**PROBLEM STATEMENT**
Print the entire listing below word for word, excluding its pictures.

**DATA RECORDS**
************

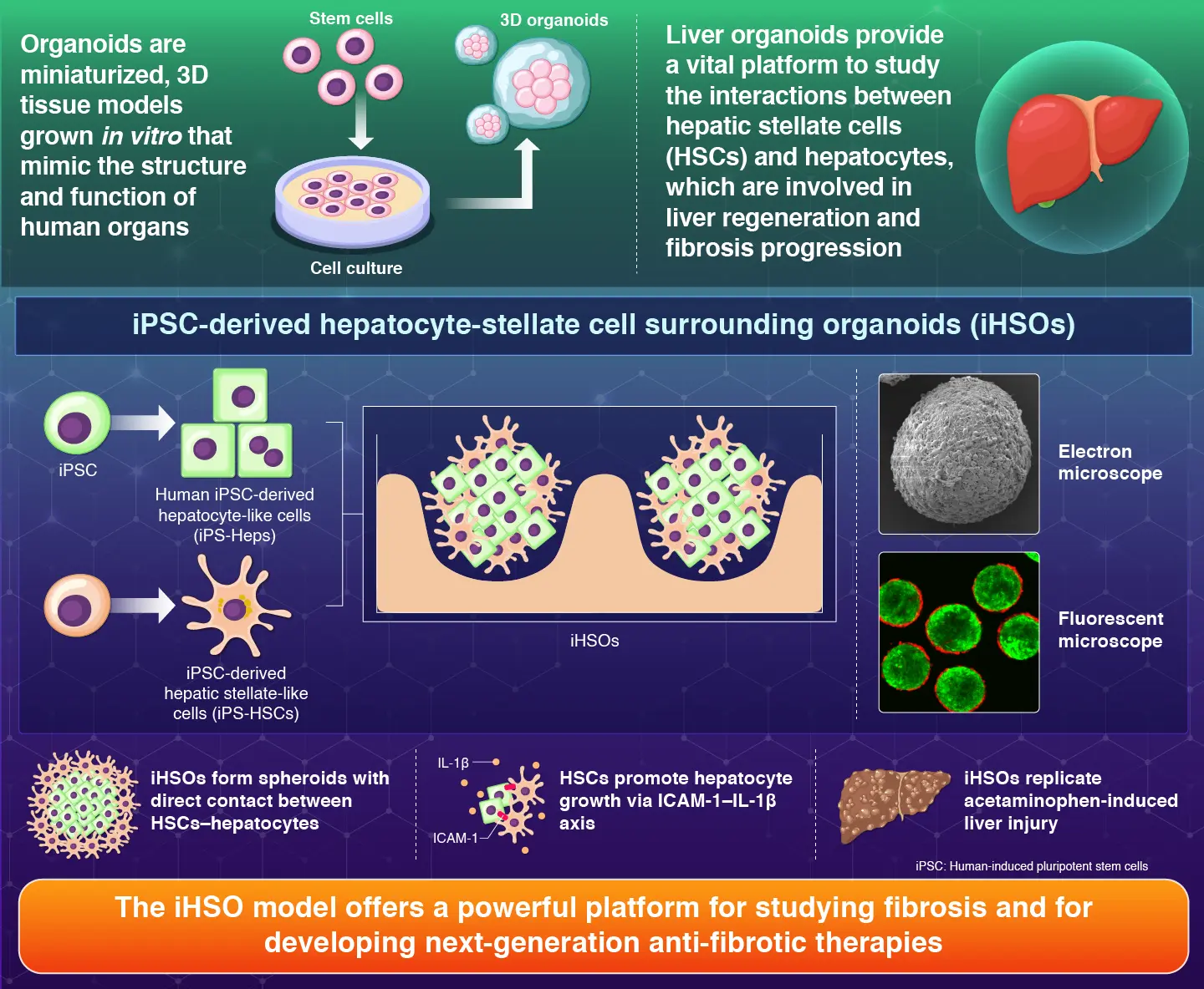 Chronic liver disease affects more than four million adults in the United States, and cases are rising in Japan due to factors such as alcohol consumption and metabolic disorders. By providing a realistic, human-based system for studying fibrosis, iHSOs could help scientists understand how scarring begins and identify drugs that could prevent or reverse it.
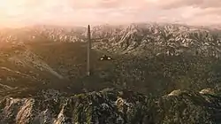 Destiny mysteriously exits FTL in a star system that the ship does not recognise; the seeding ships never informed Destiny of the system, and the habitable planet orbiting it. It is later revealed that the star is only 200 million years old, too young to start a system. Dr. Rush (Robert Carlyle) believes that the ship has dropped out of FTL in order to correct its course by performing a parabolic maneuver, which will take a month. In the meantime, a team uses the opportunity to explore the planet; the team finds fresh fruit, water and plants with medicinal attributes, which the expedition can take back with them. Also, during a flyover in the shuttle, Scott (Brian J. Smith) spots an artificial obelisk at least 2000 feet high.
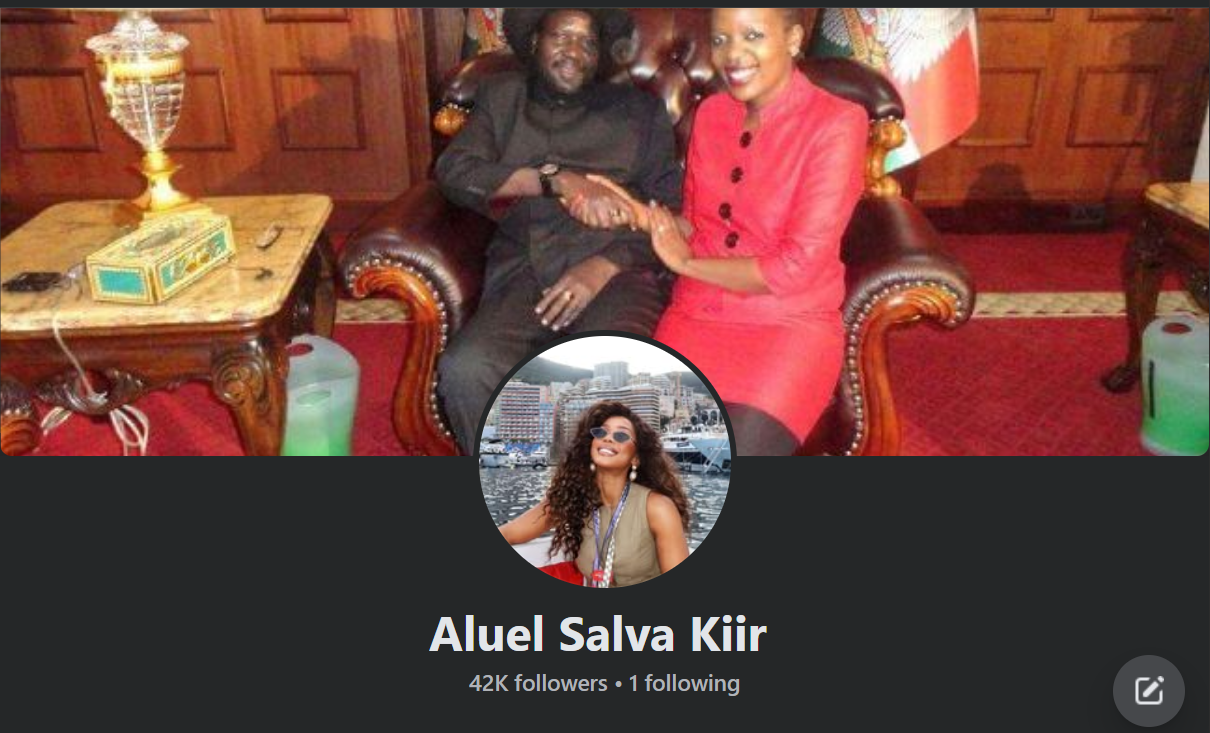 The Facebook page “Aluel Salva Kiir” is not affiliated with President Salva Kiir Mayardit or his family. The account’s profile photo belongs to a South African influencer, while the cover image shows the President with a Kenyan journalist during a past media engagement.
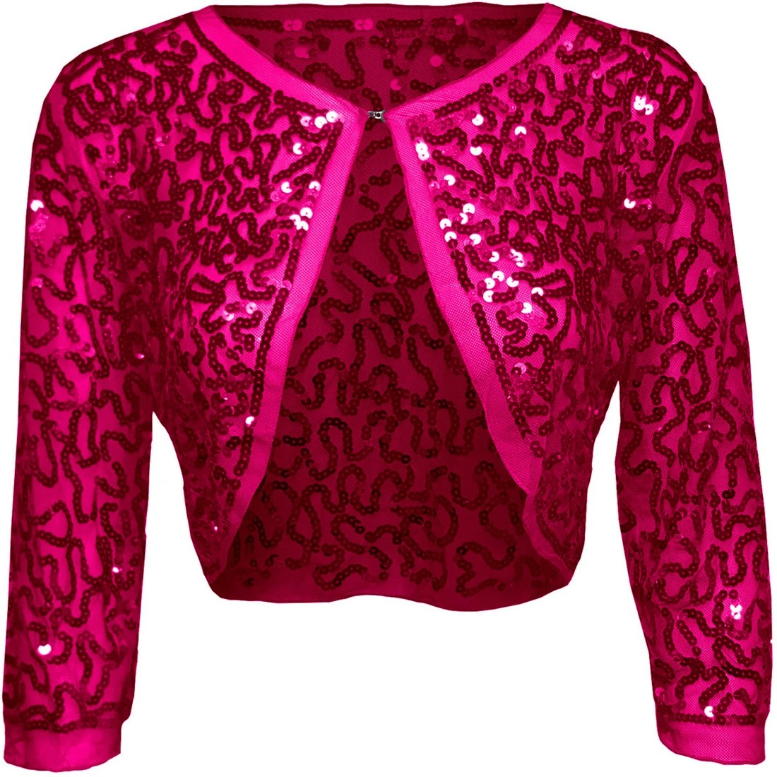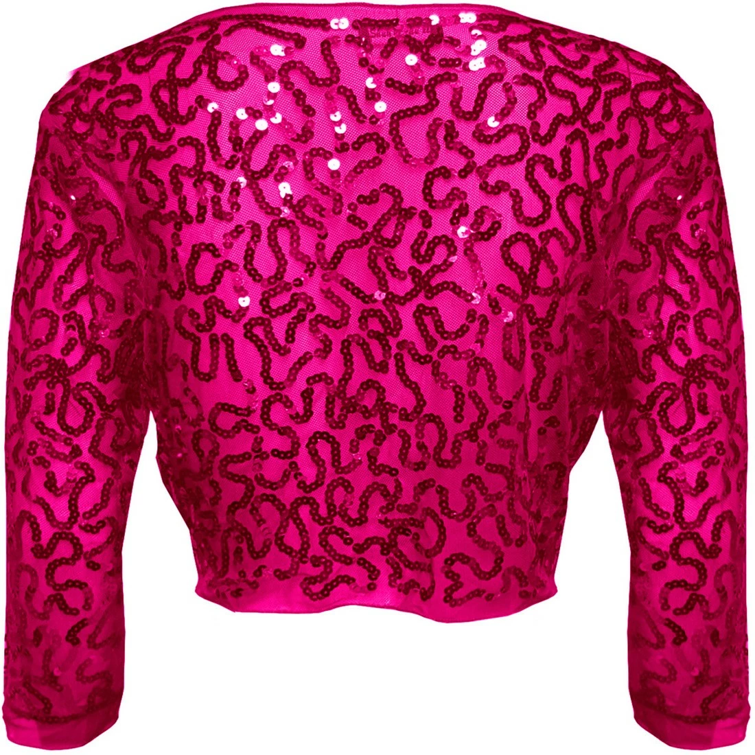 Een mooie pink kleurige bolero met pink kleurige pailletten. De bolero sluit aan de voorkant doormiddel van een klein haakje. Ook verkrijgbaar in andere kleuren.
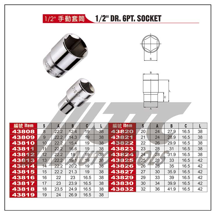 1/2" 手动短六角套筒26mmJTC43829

************

**EXERCISE OUTPUT**
 Chronic liver disease affects more than four million adults in the United States, and cases are rising in Japan due to factors such as alcohol consumption and metabolic disorders. By providing a realistic, human-based system for studying fibrosis, iHSOs could help scientists understand how scarring begins and identify drugs that could prevent or reverse it.
 Destiny mysteriously exits FTL in a star system that the ship does not recognise; the seeding ships never informed Destiny of the system, and the habitable planet orbiting it. It is later revealed that the star is only 200 million years old, too young to start a system. Dr. Rush (Robert Carlyle) believes that the ship has dropped out of FTL in order to correct its course by performing a parabolic maneuver, which will take a month. In the meantime, a team uses the opportunity to explore the planet; the team finds fresh fruit, water and plants with medicinal attributes, which the expedition can take back with them. Also, during a flyover in the shuttle, Scott (Brian J. Smith) spots an artificial obelisk at least 2000 feet high.
 The Facebook page “Aluel Salva Kiir” is not affiliated with President Salva Kiir Mayardit or his family. The account’s profile photo belongs to a South African influencer, while the cover image shows the President with a Kenyan journalist during a past media engagement.
 Een mooie pink kleurige bolero met pink kleurige pailletten. De bolero sluit aan de voorkant doormiddel van een klein haakje. Ook verkrijgbaar in andere kleuren.
 1/2" 手动短六角套筒26mmJTC43829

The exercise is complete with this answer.